The security establishment has strongly urged cooperation with the Palestinian Authority, the creation of more economic opportunities for Palestinians and diplomatic progress toward a political solution that can get at many of the root causes of violence. That puts it at odds with the Prime Minister and his cabinet — who tend to deny that the basic problem, the ongoing occupation, even exists.
While the Prime Minister blames terror attacks wholly on Palestinian incitement and routinely denounces President Abbas as being largely to blame, leading security officials contradict him, touting the role of the Palestinian Authority in helping to stop attacks. One told a journalist this week that “security coordination has improved a great deal, and the Palestinians are working indefatigably to thwart terror attacks.”
The Forward’s J.J. Goldberg has taken the lead in documenting that rift — and this week he reported one of the most glaring examples yet. Lieutenant General Gabi Eisenkot, the IDF’s chief of staff, told an audience at the Institute for National Security Studies conference that the Iran nuclear agreement represents a “strategic turning point” with “many risks but many opportunities.” He also described the existential threat to Israel from the Iranian nuclear program as “declining.”
Goldberg calls this “the most direct public challenge yet posed by Israel’s security services to the repeated claim by Netanyahu that the Iran nuclear agreement threatens Israel’s survival.”

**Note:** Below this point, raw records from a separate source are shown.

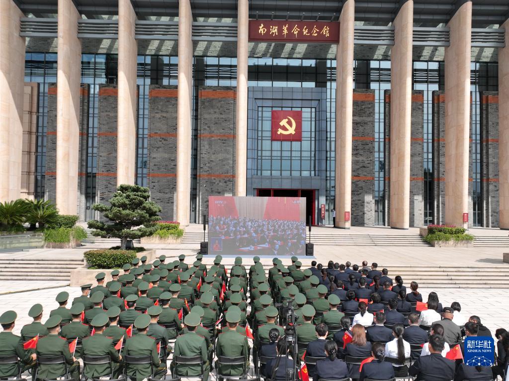 10月16日,武警浙江總隊嘉興支隊官兵在南湖革命紀念館前與工作人員一起收看中國共產(chǎn)黨第二十次全國代表大會(huì )開(kāi)幕會(huì )(無(wú)人機照片)。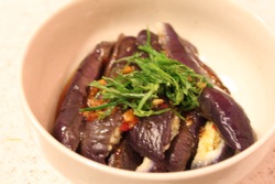 蒸して冷やしたなすにピリ辛のタレをかけた涼拌茄子は何度でも作りたくなるほめられレシピの馬場香織さんのレシピです。そう、私のバイブルの。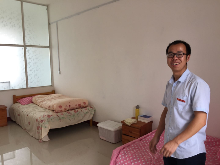 高连成宿舍内布局很是简单,只有两张床和两个床头柜。澎湃新闻记者 张家然 图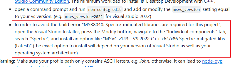build error "MSB8040: Spectre-mitigated libraries are required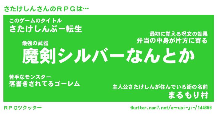| ファンタジー風あだ名 | 『サタフェル』『エターナルサタケシンー』 |
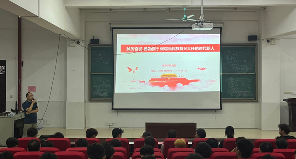 2024年9月25日晚,体育学院在12号教学楼104报告厅开展以“踔厉奋发,勇毅前行,做堪当民族复兴大任的时代新人”为主题的2024级新生思政第一课及入党启蒙教育活动。此次活动由学院党委副书记漆刚主讲,2024级全体新生参加。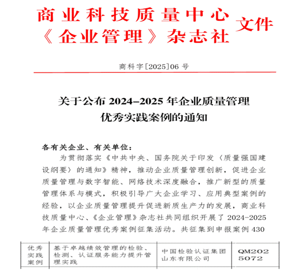近日,由国务院国资委商业科技质量中心与《企业管理》杂志社联合主办,面向中央企业、大型国企及行业代表性企业的“2024-2025年企业质量管理优秀实践案例”评选结果正式揭晓。中国中检山东公司(以下简称“山东公司”)申报的《基于卓越绩效管理的检验、检测、认证服务能力提升管理实践》案例,从全国申报案例中脱颖而出,荣获“企业质量管理优秀实践案例”称号(编号:QM2025072)。这一荣誉标志着山东公司在质量管理领域的创新成果获得国家级权威认可。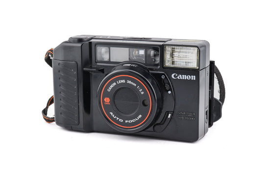 Autofocus 35mm point-and-shoot camera released by Canon in 1983. It has a manual ISO dial, so basic exposure compensation is possible. It was also sold as the Autoboy 2 (JP) and New Sure Shot (NA). The original price (42,800 Yen) is the equivalent of around 360 Euros in 2025. Plastic body available in black.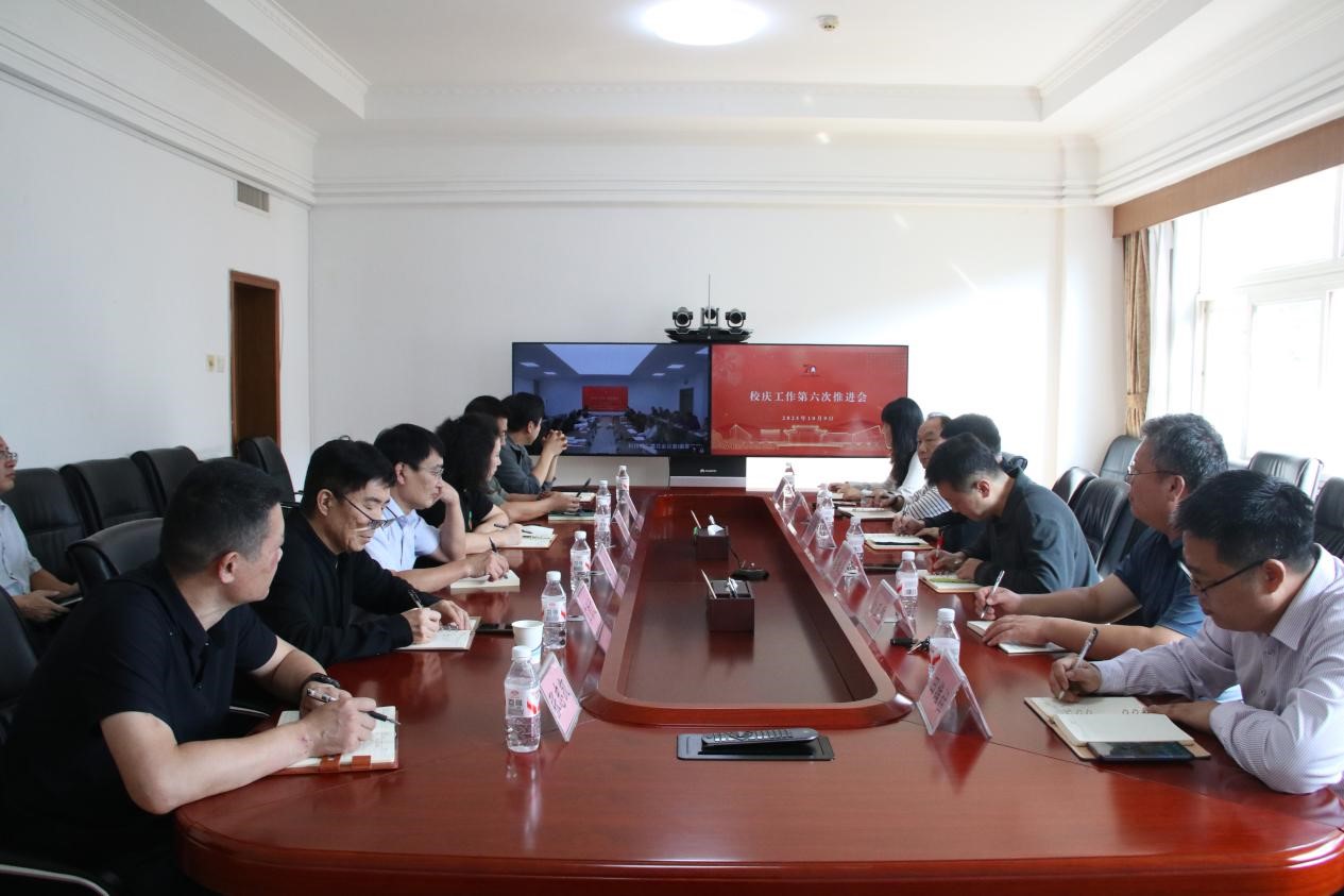 校庆工作办公室讯 10月9日,学校召开校庆工作第六次推进会。校党委副书记李志红,校党委常委,宣传部部长孙祥广参加会议。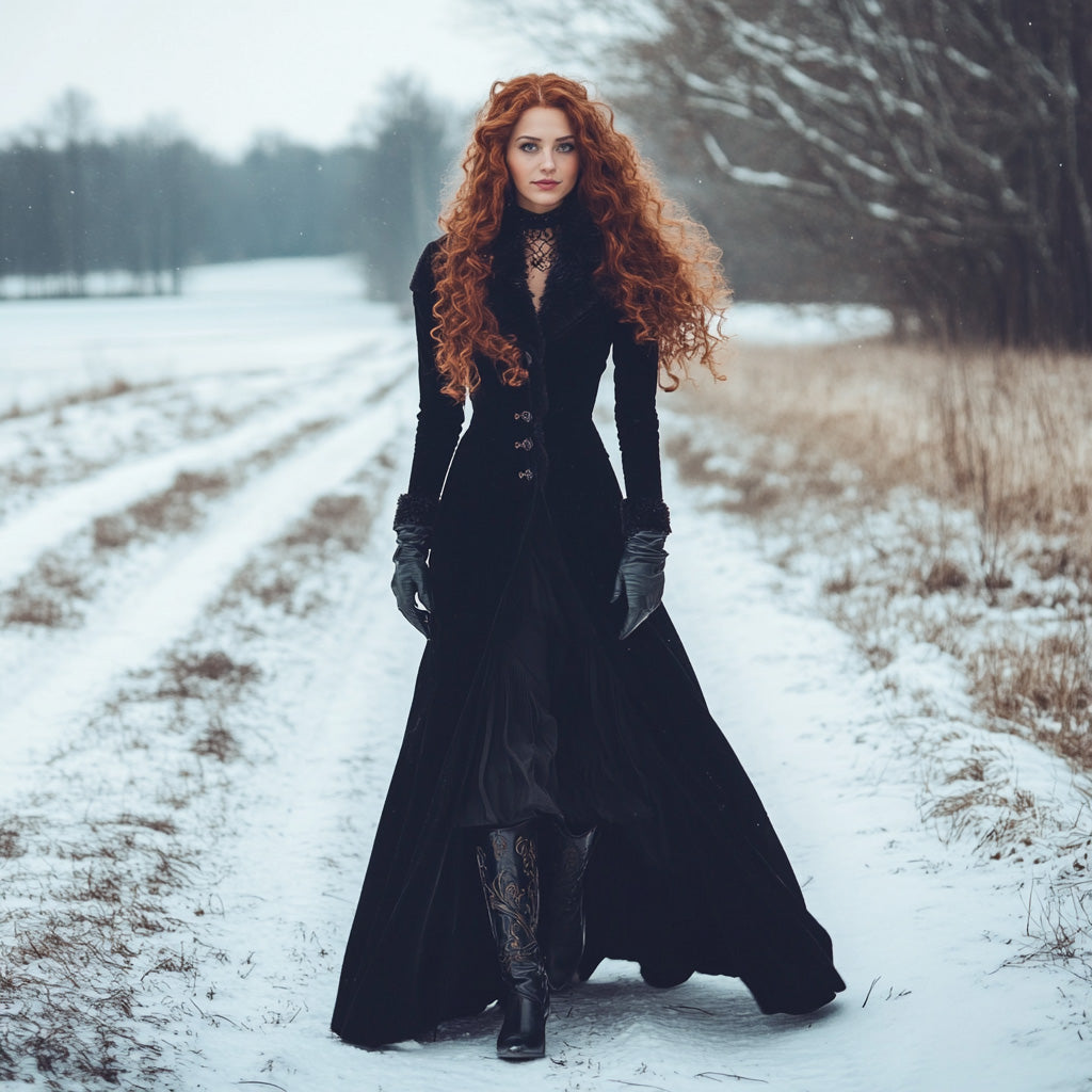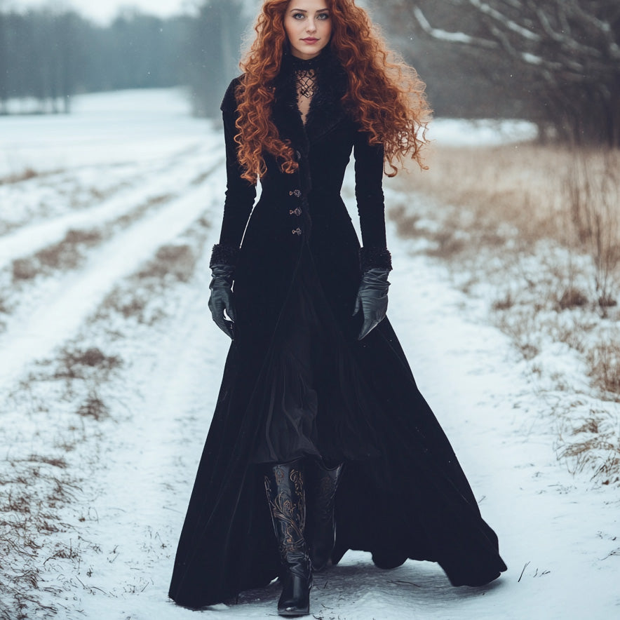Női Velvet Palace Retro szőrmegallér hosszú kabát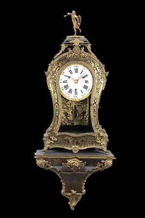 A Boule style cartel clock with veneered console, neuchâteloise-type dial and movement datable to the second half of the XVIII century. The case datable to the early 19th century. Three strike movement on hours and quarters with repetition of alarm.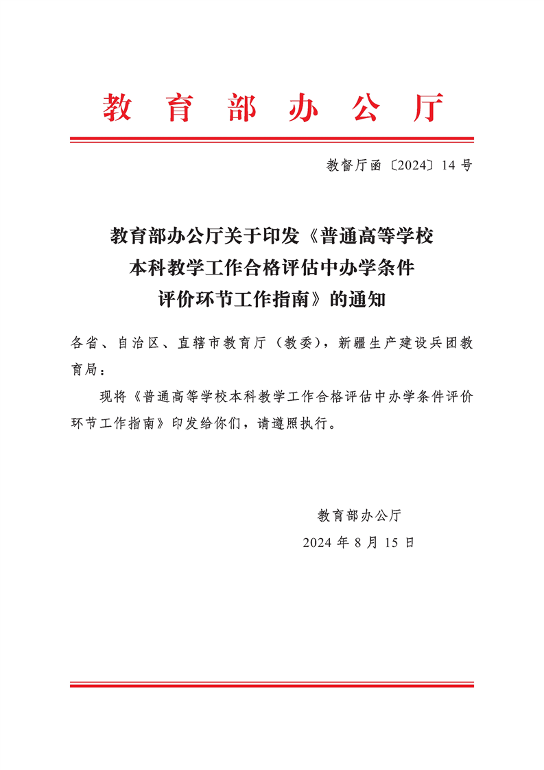 教育部办公厅关于印发《普通高等学校本科教学工作合格评估中办学条件评价环节工作指南》的通知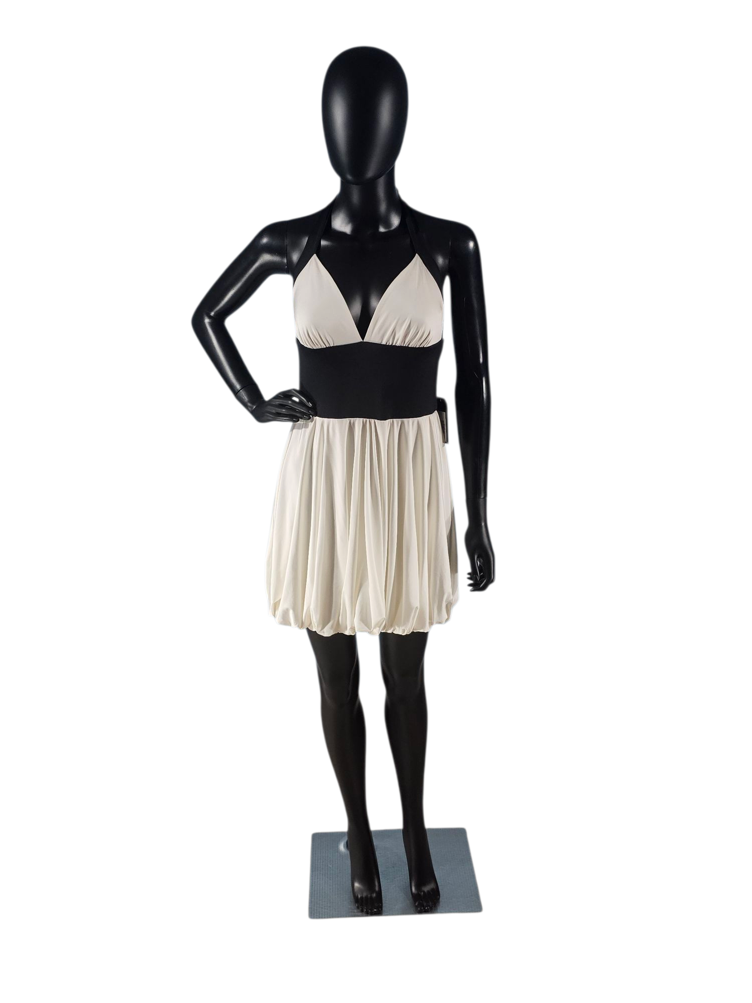 Black/White Jersey Halter Bubble Skirt Cocktail Dress - XXI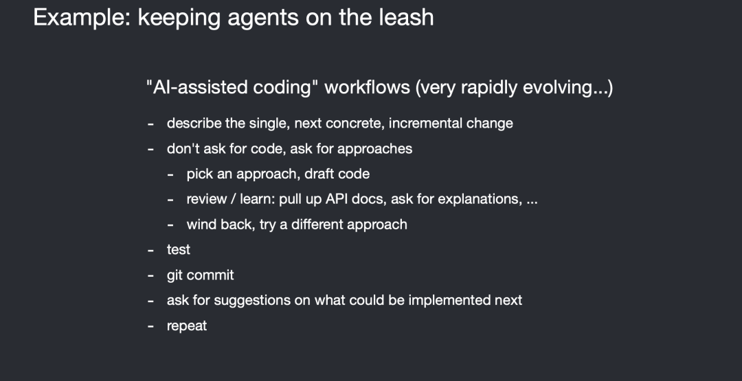- 控制 AI 行为的范围(“牵好绳子”):现在很多人对 AI Agent 太激动了。但你看,比如一次性给我生成一个包含 1 万行代码的 diff 并不实用。我作为人类仍然是瓶颈,我必须确认没有引入 bug、逻辑正确、安全无虞等等。所以必须控制 AI 的主动程度。

Eisenkot’s remarks are just the latest proof that the Prime Minister’s apocalyptic warnings about the Iran agreement — and the furious efforts of those in Congress who supported his position — don’t by any stretch represent the views of all Israeli leaders. As with the Israeli-Palestinian conflict, the bluster of the Prime Minister simply doesn’t match the analysis of the men and women in the IDF and intelligence services who have devoted their careers to keeping Israelis safe. They are acutely aware of what military force can accomplish — and what it cannot.
The General made clear that when it comes to assessments of Israel’s security needs, some decisionmakers may be more well-reasoned and clear-eyed than others. “[N]aturally the task of the army, and my task, is to view situations from a perspective of both risks and capabilities, and in that manner to make a judgment. And not from an assumption of the worst-case scenario, because I think that is no less dangerous than to project an overly optimistic scenario.”
Those comments serve as a welcome reminder that unrelenting pessimism is not pragmatism — and that recognizing and exploiting the strategic benefits of strong diplomacy is not naivete.